▸ Problem statement
In the data below, set down exactly the lines from the one containing "원주시 생각자람어린이도서관은 다음" up to and including the one containing "langer bezig is". Leave the pictures out.

▸ Records to process
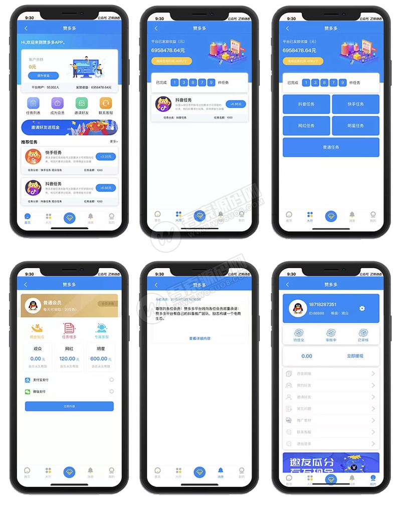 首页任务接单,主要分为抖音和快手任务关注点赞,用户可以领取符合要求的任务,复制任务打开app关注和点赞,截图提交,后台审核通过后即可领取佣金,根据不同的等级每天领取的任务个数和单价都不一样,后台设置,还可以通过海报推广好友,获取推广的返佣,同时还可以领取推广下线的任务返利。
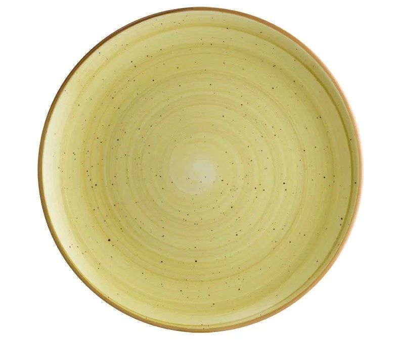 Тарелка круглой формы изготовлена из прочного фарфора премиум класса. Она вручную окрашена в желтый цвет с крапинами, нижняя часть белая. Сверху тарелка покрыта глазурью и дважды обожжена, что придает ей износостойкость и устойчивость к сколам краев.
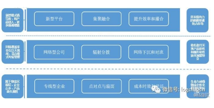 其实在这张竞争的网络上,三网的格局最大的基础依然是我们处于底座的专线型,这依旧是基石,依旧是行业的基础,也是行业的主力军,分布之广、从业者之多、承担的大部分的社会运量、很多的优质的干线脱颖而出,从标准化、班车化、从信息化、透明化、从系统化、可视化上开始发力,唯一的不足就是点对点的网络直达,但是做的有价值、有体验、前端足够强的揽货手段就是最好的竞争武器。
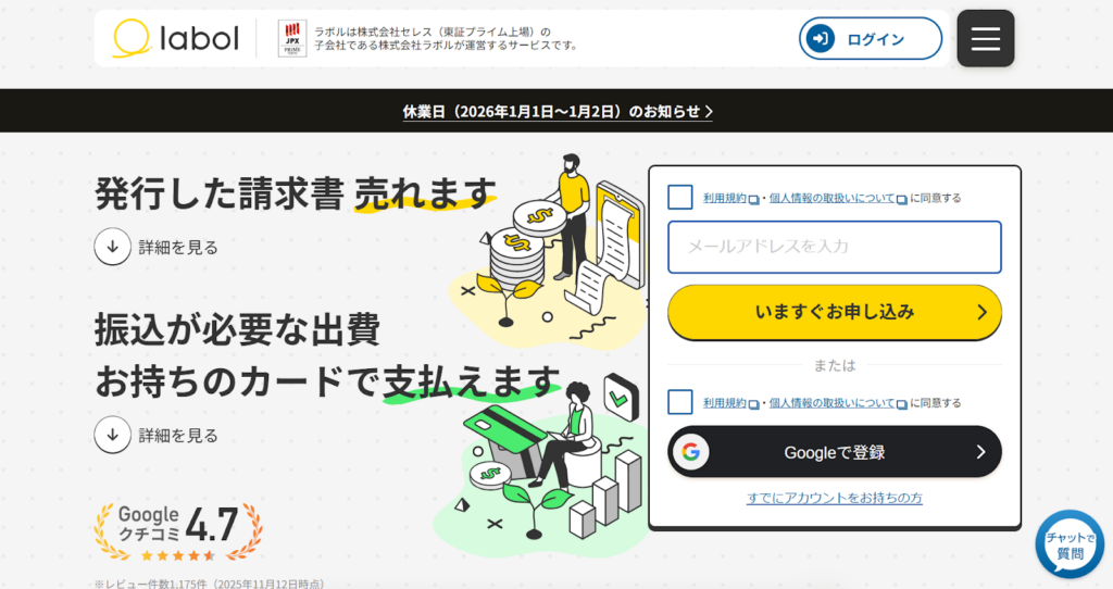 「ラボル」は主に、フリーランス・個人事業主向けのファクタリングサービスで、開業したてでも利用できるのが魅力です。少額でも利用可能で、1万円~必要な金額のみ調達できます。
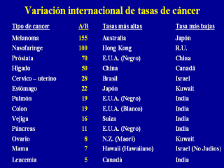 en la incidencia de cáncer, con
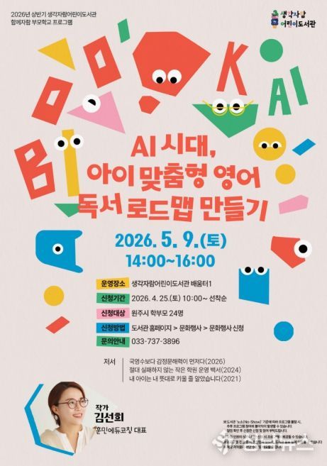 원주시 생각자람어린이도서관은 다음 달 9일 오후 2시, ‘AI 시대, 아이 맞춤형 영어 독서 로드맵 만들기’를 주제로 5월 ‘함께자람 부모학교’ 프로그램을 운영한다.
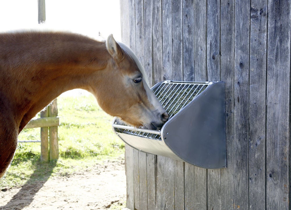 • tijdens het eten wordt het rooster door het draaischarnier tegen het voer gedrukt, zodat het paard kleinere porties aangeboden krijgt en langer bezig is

* * *

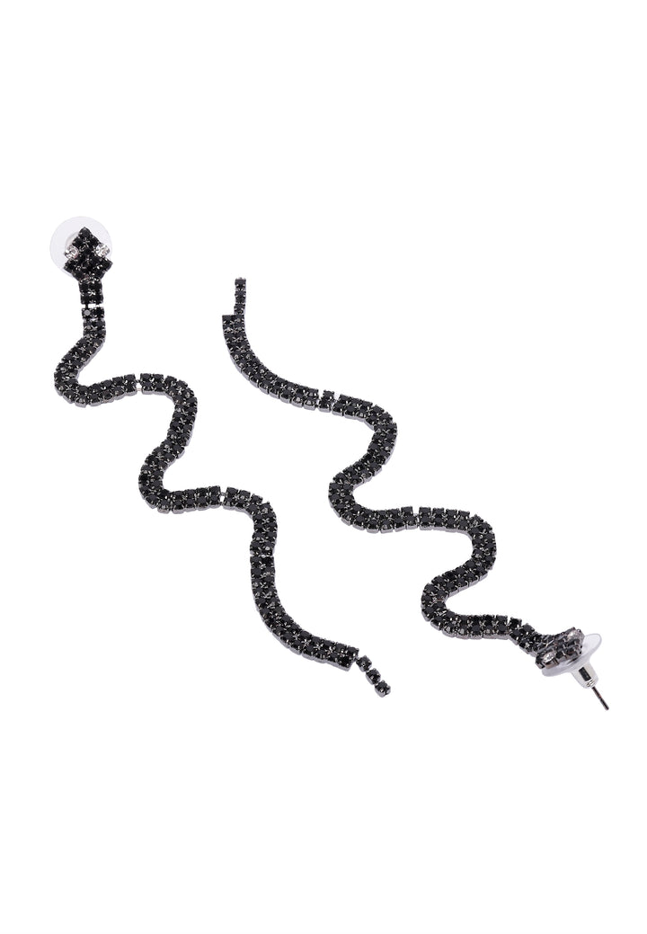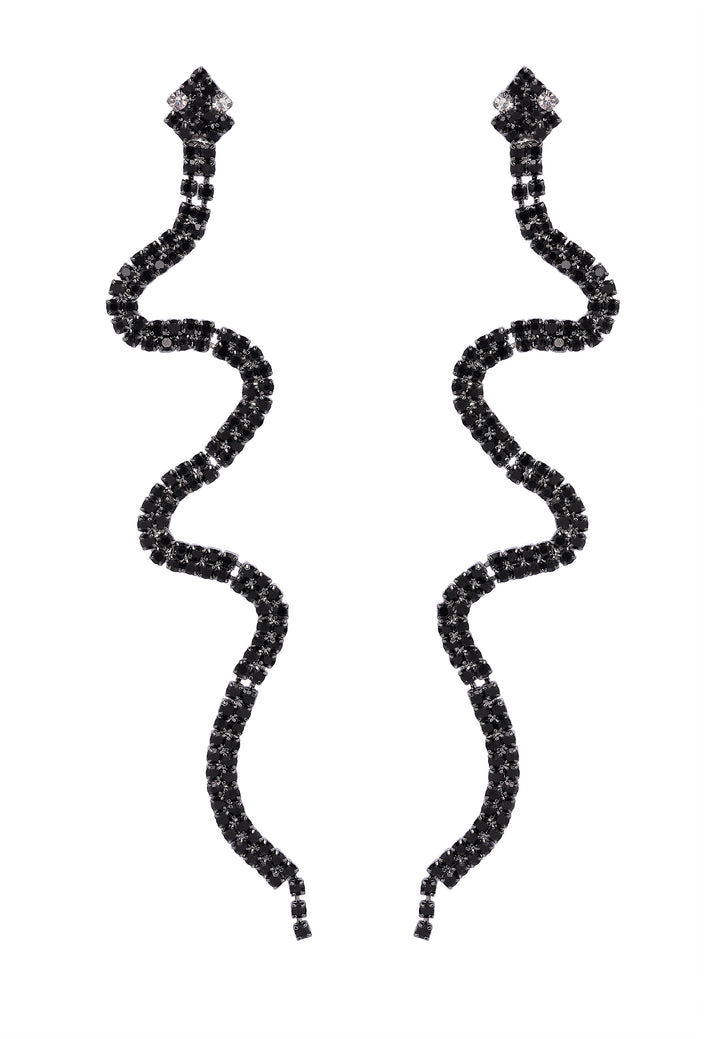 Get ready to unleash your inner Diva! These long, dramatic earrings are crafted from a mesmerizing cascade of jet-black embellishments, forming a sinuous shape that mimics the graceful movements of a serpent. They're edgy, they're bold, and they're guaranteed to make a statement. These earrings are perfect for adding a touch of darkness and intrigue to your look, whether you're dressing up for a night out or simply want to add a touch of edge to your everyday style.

▸ Exercise solution
 원주시 생각자람어린이도서관은 다음 달 9일 오후 2시, ‘AI 시대, 아이 맞춤형 영어 독서 로드맵 만들기’를 주제로 5월 ‘함께자람 부모학교’ 프로그램을 운영한다.
 • tijdens het eten wordt het rooster door het draaischarnier tegen het voer gedrukt, zodat het paard kleinere porties aangeboden krijgt en langer bezig is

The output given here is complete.